I know I have been pretty slack in the blogging department lately. It has been all I can do to keep myself from losing the contents of my stomach ever since we found out I am pregnant. I was pretty sick with Olivia and am taking this as a good sign although I am ready to move on to another good sign as soon as possible...maybe feeling the baby kick or something? :)
Anyway, due to my state of constant nausea, I have had cancer patients on my heart alot lately. During chemo they feel the same sick stomach that I do...often MUCH worse. Rather than the hope of a baby coming in nine months, they are left with a simple hope that the chemo/radiation works. A dear friend of mine seems to be losing this battle. He will try one more round of chemo and if his body can't take it, he will go home within three months.
So where am I going with all this? Often when we feel sick or suffer something physically, it can seem pointless and like a waste of our time. It slows us down and gets in the way of our plans. However, when we take the time to pray for those around us that are experiencing the same thing or even worse, God redeems our time and blesses someone else. Along with prayer, reach out to that person you've got on your heart. Often a meal, a card, or the offer to come and listen can be the very encouragement that person needs to keep going. A friend of mine's sister volunteered at a hospital that housed newborn crack babies. Her only job was to sit and hold the babies...lavishing them with love and words of affection. Sounds like something Jesus would do! We live in a world with sickness and pain...often right down the street from us. Let's reach out and bless someone!

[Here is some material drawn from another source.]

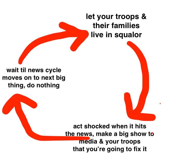Worth noting, there is good military housing out there (if you rank high enough, heh heh), but there is still faaaaar too much that is unacceptable. When we went to visit the Air Force Academy I was legit taken aback by how old and decrepit their rooms were. Some of the furniture was so old it was falling apart. If you are serving this country you should not live in an asbestos filled barracks (like I once did, woot woot), or have to worry about your children being poisoned while you're off training, or get off a long day of work and feel absolute dread on your way 'home' because your morale is crushed by depressing conditions. For the life of me I do not understand why this continues to happen when we have the money for 20 year quagmire war goofin' & F-35s.
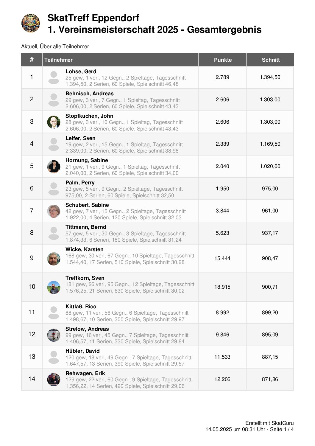 Gesamtübersicht alle bisherigen Teilnehmer

Wednesday, November 10, 2010

Grateful

A few weeks ago I sang a song in church for my dad. It's a song written by Cindy Morgan titled "How Could I Ask for More". The words highlight the daily blessings in life such as the greeting of daylight and the comfort of the moon...changes in season and relationships...even the blessings that come out of hard circumstances. It hit me very deeply. I am currently pregnant with our fourth baby. When Brian and I were engaged and the topic of children came up (and it did often) we always said that we wanted four kids. After having Olivia we were even more sure of it since we found even more joy in parenting than we could have dreamed. As I was singing the song, it really hit me that although life has turned out far different than what I had planned...God has given us four children. One here to physically hug and kiss, two waiting for us in heaven with Jesus, and one cradled inside my womb. How could I ask for more?